Given the materials of the cask body, any deformation due to the penetration test on the exposed cask surface would be even less than for the impact limiter. Thus, the staff found that the evaluation for compliance with the 10 CFR 71.47 radiation level limits is acceptable. For hypothetical accident conditions tests, the impact limiters are not credited in any way. All radiation levels are calculated at 1 meter from the cask surface. Any impact of these tests is expected to be small (less than 0.25 inches). Given the significant margin to the radiation level limits for these conditions, the staff considers the impact of the cask deformation on radiation levels to be negligible and will not affect compliance with the regulatory limits.

4.5 Exclusive Use Content Limits in the 100A and 100A-S Models The applicant proposed content limits for exclusive use shipments for only the 100A and 100A-S models. The analysis method for the proposed content limits for shipment by exclusive use is similar to that used for the content limits for non-exclusive use shipments. The differences lie in the radiation level locations for which there are regulatory limits for conditions normally incident to transportation. The package is shipped with a cage and a pallet, which serve as an enclosure. Thus, the limits in 10 CFR 71.47(b) for exclusive use shipment in a closed vehicle apply.

As described in Sections 5.3 and 5.4.3 of this SER, the applicant applied the radiation level limit for the enclosure surface to the surface of the package, or, for the cobalt-60-C contents, the

plane of the impact limiter surface over the exposed cask surface between the impact limiters.

As described in those earlier sections of the SER, the staff found that to be acceptable and conservative.
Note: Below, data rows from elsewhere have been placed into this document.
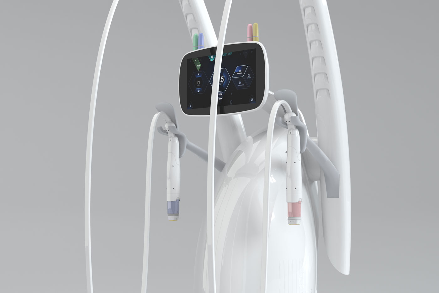 Благодаря четырем разным насадкам, оснащенным контактным охлаждением, процедура проходит комфортно на любых участках лица и тела.
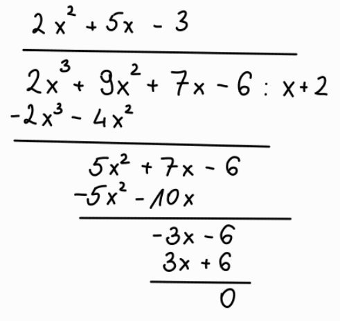 Wykonaj zgodnie ze wszystkimi zasadami dzielenie pisemne wielomianu po prawej stronie równania przez znany dwumian po lewej stronie równania. Wielomian W(x) jest wynikiem dzielenia wielomianu
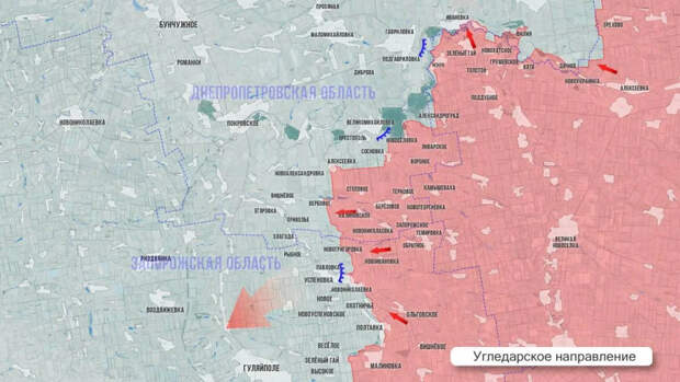 На Угледарском направлении российская армия также демонстрирует успехи. Войска продвинулись по рубежу Новониколаевка-Малиновка, ведут зачистку Полтавки и уже закрепились на восточной окраине Успеновки.
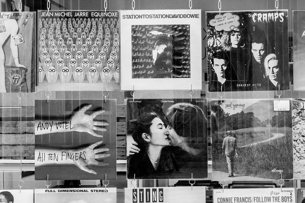 Straßenfotografie, Musikschaufenster in Antwerpen.
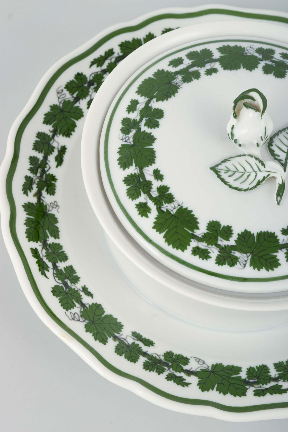 Meissen Porzellan, grundlagt i 1710, var Europas første porcelænsfabrik og blev hurtigt berømt for sit uovertrufne håndværk og kunstneriske innovation. Blandt fabrikkens ikoniske stel er Vine-Leaf Pattern, på tysk “Voller grüner Weinkranz”, introduceret omkring 1817 af Johann Samuel Arnhold. Dekorationen med grønne vinblade og slyngende ranker blev et af Meissens mest populære mønstre og har været produceret langt ind i det 20. århundrede og senere. Stellet repræsenterer Meissens fascination af naturens ornamentik og det præcise, håndmalede udtryk, som har gjort fabrikken til et symbol på europæisk porcelænstradition.
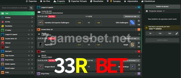 O 33R Bet oferece uma grande seleção de opções de apostas em e-sports com probabilidades competitivas
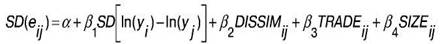 SD ln(yi)-ln(yj) - стандартне відхилення різниці логарифмів показника реального випуску країн i та j;
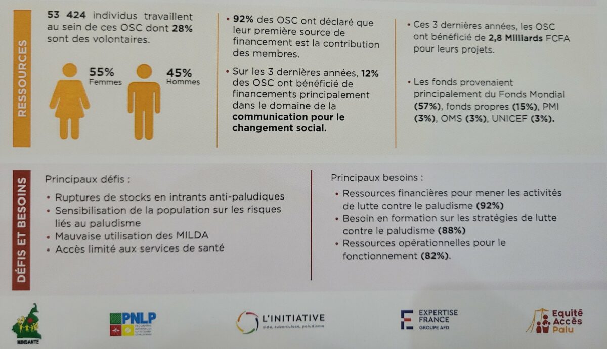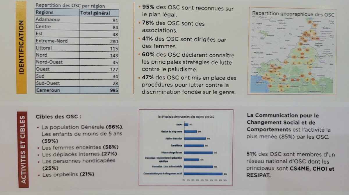 Le rôle des OSC est en effet non négligeable, dans la lutte contre le paludisme car pour la plupart elles sont au plus près des populations et des communautés. Au total, 995 OSC ont été cartographiées sur l’ensemble du territoire camerounais dont 95% sont reconnues sur le plan légal et 78% sont des associations.
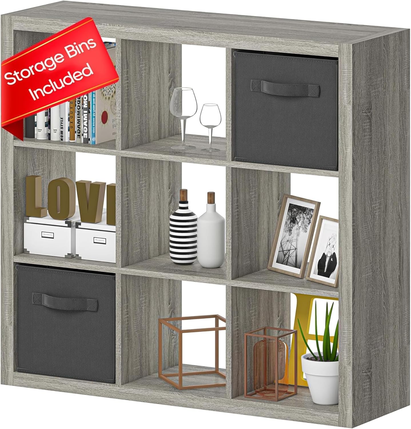 Bookshelf with Storage Bins, 9-Cube Storage Organizer Sturdy Wooden Bookcase Open Book Shelf, Multifunctional Cubicle Rack for Storage & Display, Furniture for Living Room Bedroom Office, Gray Oak
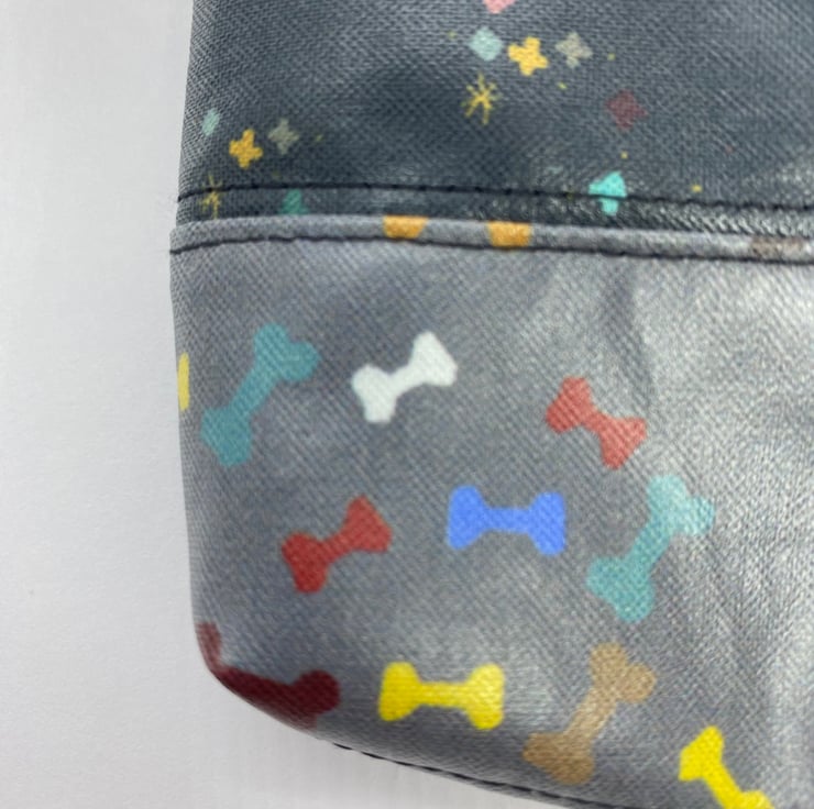 Crafted with care from eco-laminated 100% cotton, this holder is as sustainable as it is soft. The top boasts a delightful dark grey adorned with playful stars and dots, while the bottom features a lighter grey with bones. Inside is a light grey cotton fabric.
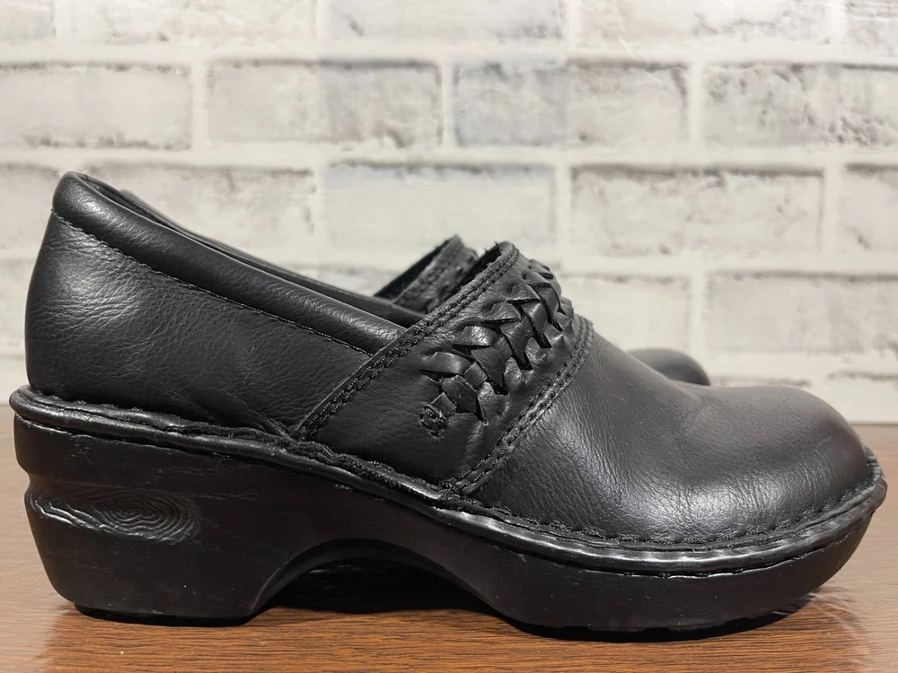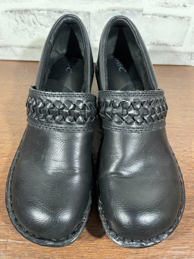 Brand: Børn Accents: Strap Performance/Activity: Driving, School, Walking Lining Material: Fabric Upper Material: Vegan Leather Model: Born B.o.c Toe Shape: Round Toe US Shoe Size: 7.5 Type: Casual Shoe Shaft Style: Low Top Features: Vegan Color: Black Heel Style: Block Pattern: Solid Insole Material: Faux Leather Theme: Bohemian, Classic, Modern, Occupational Country/Region of Manufacture: China Shoe Width: Standard Department: Women Occasion: Casual, Travel, Workwear Outsole Material: Rubber Handmade: No Seller Notes: “Very good preowned condition with normal preowned wear and no issues. Please see all photos.” Closure: Slip On Style: Clog Season: Fall, Spring, Summer, Winter

The applicant then added radiation level calculations for locations 2 meters from the projected planes of the trailer sides and rear and for the driver cab location. The distances were based on the vehicle and trailer characteristics described in Section 5.1.2 of this SER. The per cure radiation levels that resulted from this analysis for the different nuclides are used for determining the acceptability of multi-nuclide mixtures, as described in Section 5.4.3 of this SER. Based on the staffs review, described in these earlier SER sections, the consistency of the analyzed locations with the characteristics of the vehicle described earlier, and that the package is shipped in an enclosure, the staff found the applicants analysis and proposed contents to be acceptable.

5 Evaluation Findings The staff reviewed the proposed changes to include quantity limits for exclusive use shipments with the 100A and 100A-S package models, allow shipment of mixtures of the approved nuclide contents in all package models, and allow low energy gamma-emitting and low energy pure beta-emitting nuclides as contents in the 100A and 100A-S package models. The staff found these changes to be acceptable, as described in Sections 5.4.5, 5.4.3, and 5.4.2 and 5.4.3 of this SER, respectively.
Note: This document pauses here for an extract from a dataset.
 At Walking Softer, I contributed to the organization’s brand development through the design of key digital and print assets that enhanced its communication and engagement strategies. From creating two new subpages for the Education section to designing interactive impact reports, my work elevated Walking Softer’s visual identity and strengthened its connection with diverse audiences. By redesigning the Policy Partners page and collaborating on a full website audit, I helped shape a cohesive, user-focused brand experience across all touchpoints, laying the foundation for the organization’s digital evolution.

In addition, the staff found that removal of the holmium-166 contents was appropriate due to the shielding analysis not considering the beta radiation emitted by the nuclide and the resulting bremsstrahlung as described in Section 5.2 above. The staff also found that with the corrections regarding the package and package surface and the adjustments for that in the non-exclusive use content quantity limits, CoC Condition 15 is no longer needed and the structural analysis with the cage that was initially submitted with the revision request was no longer needed, as described in Sections 5.2 and 5.1.1 above, respectively. As noted in Section 5.1.1 above, that structural analysis was not reviewed or evaluated.
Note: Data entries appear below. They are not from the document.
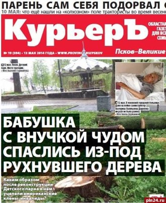 Обзор газеты «КурьерЪ. Псков-Великие Луки», № 19 (595), 13.04.2014 года. Читайте и передавайте своим соседям: «Смыло мост через Шелонь». В воскресенье, 11 мая, жители улицы Победы в Порхове лишились пешеходного моста, соединяющего центр города и правый берег. «За считанные минуты потоком воды снесло настилы, - жалуется 12 мая Татьяна Иванова, жительница Порхова, позвонившая в редакцию. - Год назад хороший подвесной мост у нас уже смыло паводком, взамен построили этот, но результат на лицо. Теперь жители улиц Победы, Железнодорожной и Порховской снова отрезаны от мира». «В парке на ветерана войны упал американский клен». В воскресенье, 10 мая, перед грозой от порыва ветра рухнуло дерево на 93-летнюю псковичку и её 29-летнюю внучку. Обеих женщин срочно увезли на скорой. На следующий день, утром 12 мая, в первой палате травматологического отделения Псковской городской больницы журналист разыскал Екатерину Додонову. «Представляете, первый раз в жизни на больничной койке, да я и не болела серьезно ничем, - отзывается пострадавшая. – Всю войну прошла санинструктором, под Москвой была, в Польше, сколько бомбежек пережила, сколько раненых вынесла, а тут дома на войну попала…» «Чудесное спасение на воде». В Пскове наградили двоих мужчин, которые вытащили с того света 10-летнего Артёма в Новоржевском районе. Александр Михеенко и Дмитрий Тимофеев не просто оказались в нужное время в нужном месте, а совершили подвиг. «Мужчины проезжали мимо озера Росцо и заметили пустую лодку, - рассказала журналисту «Курьера» 12 мая Татьяна Козина, сотрудник пресс-службы ГУ МЧС России по Псковской области. - На берегу стоял ребёнок, мужчины остановились и узнали, что возле лодки тонет его друг Артем. Мужчины не растерялись, тут же нашли другую лодку и поплыли спасать ребёнка, - продолжает Татьяна Козина. - К тому моменту он уже не двигался и посинел. Александр Михеенко и Дмитрий Тимофеев подняли мальчика на лодку, умело провели необходимые реанимационные действия…» «Тракторист скончался от взрыва». Житель деревни Бутыньки Себежского района 10 мая скончался от непроизвольного взрыва снаряда у себя дома. «Гуляют разные слухи: что парень чуть ли не вместе с трактором подорвался, когда пахал, – поделился 12 мая своими соображениями с журналистом газеты Алексей, житель Себежского района. – Но сейчас будут говорить все, что угодно. Сказали, что снаряд он вырыл за деревней Клин, когда пахал в поле». Что же произошло в деревне на самом деле? Об этом журналисты газеты узнали по горячим следам... В 20-х числах апреля тракторист вместе с коллегой обрабатывал поля в районе Томсино. Там они и обнаружили металлическую коробку со снарядами от авиационной пушки (калибра 20 мм) времен Великой Отечественной войны. Добычу якобы поделили и отнесли по домам... ПО версии следствия, 28-летний парень решил распилить находку, которая взорвалась у него в руках. Пострадавший скончался от полученных травм. Изнутри дома повреждены два окна. Со слов тех очевидцев, кто ездил на опознание, вокруг море крови и куски мяса, оторванные пальцы. Сам тракторист лежал на животе… «Жить с Пересадой – не поле перейти». Очерк. В Печорах есть удивительная семья, любовь которой держится на творчестве мужа и стойкости жены. От автора: увидев в одном из городских кафе «каменный цветок» из сказочных изразцов, захотелось встретитьс
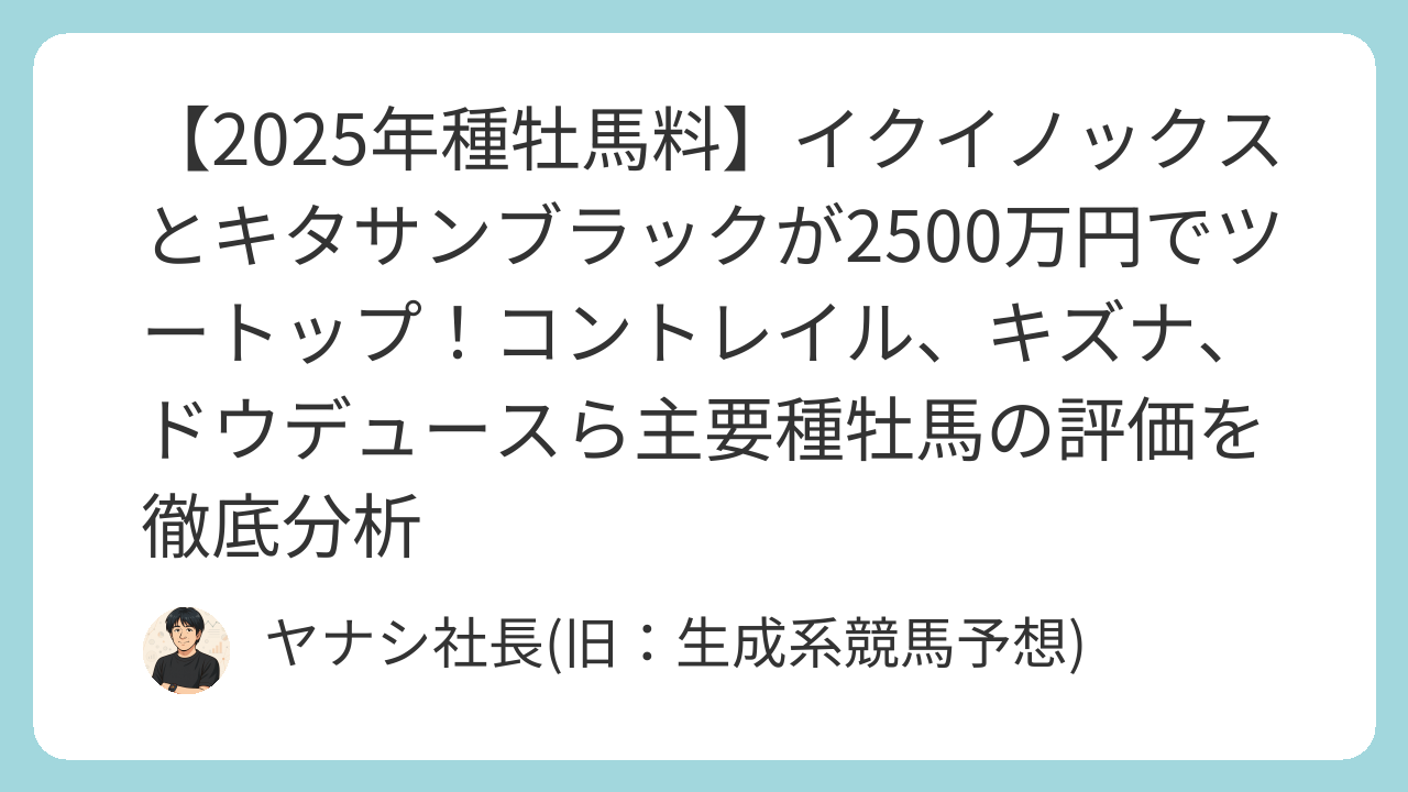 競馬界に衝撃が走っています。2025年の種付け料が発表され、現役時代に数々の輝かしい記録を打ち立てたキタサンブラックと、新種牡馬として大きな期待が寄せられるイクイノックスが、ともに2500万円という破格の金額に設定されました。このニュースは、生産者、馬主、そして競馬ファンに大きな波紋を広げています。
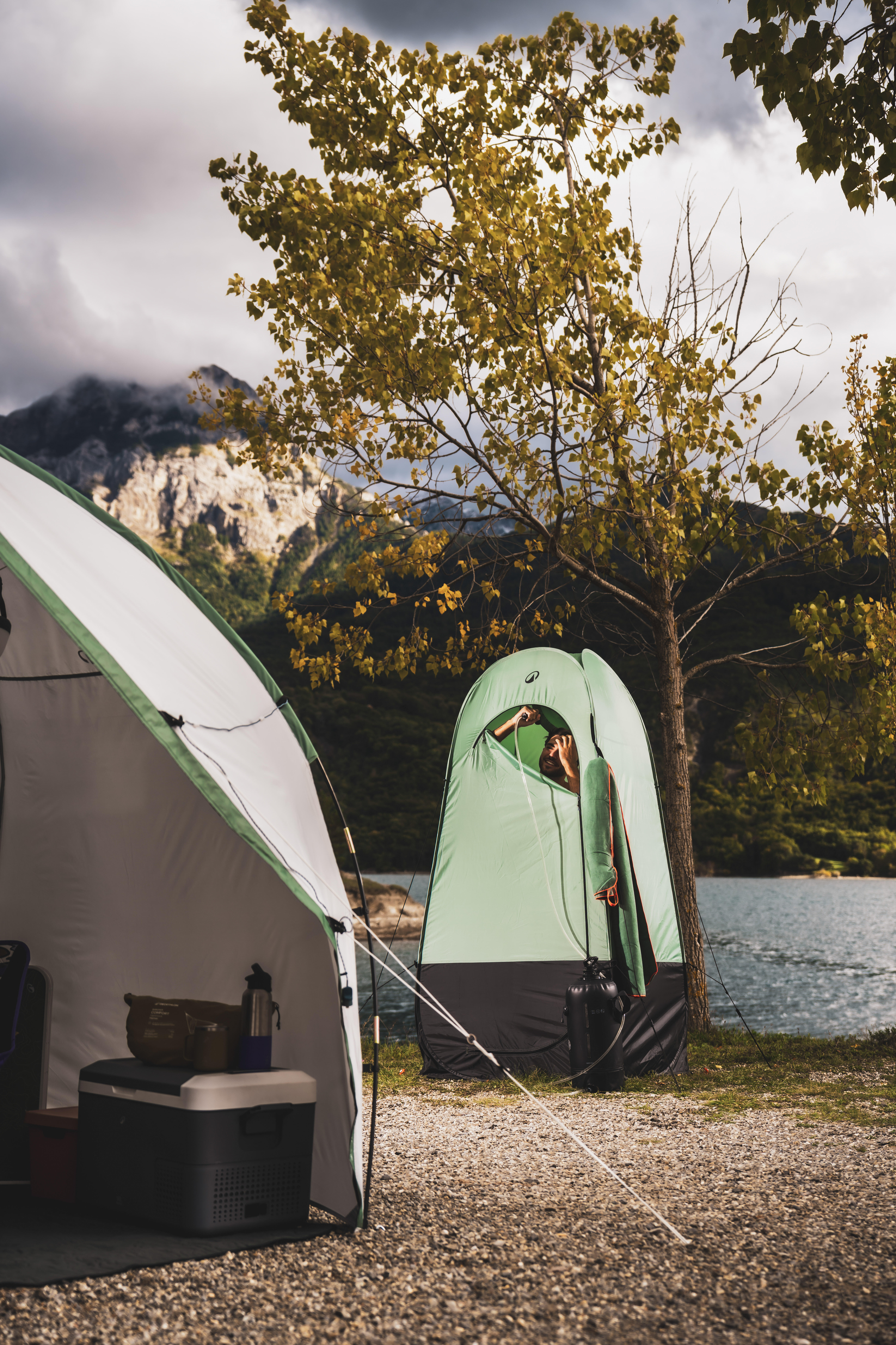 Besoin d'intimité ? Cette cabine de douche se déploie instantanément et vous protège du vent ou des regards lors de vos moments en plein air.

Therefore, based on its review of the information and representations provided in the application, and the staffs independent calculations, the staff has reasonable assurance that the proposed package design and contents satisfy the shielding requirements and radiation level limits in 10 CFR Part 71.

OPERATING PROCEDURES EVALUATION Several changes and clarifications were made to the operating procedures in response to staffs requests. In particular, the applicant clarified that (i) the compliance requirements for the verification of the radiation and external contamination levels, (ii) the transport packages bottom surface is not accessible until the transport package is removed from the pallet, (iii) for the 1m TI dose rate, the 1m distance is from the transport package surface, not the shipping cage surface, (iv) the activity limits listed in the CoC represent maximum conditions. Thus, the user shall refer to the guidance in Appendix 7.5.1 of the application for the shipment of multiple isotopes, or isotopes that emit only lowenergy gamma/beta emitters (that is, all emissions, including those from their progeny, are 0.3 MeV).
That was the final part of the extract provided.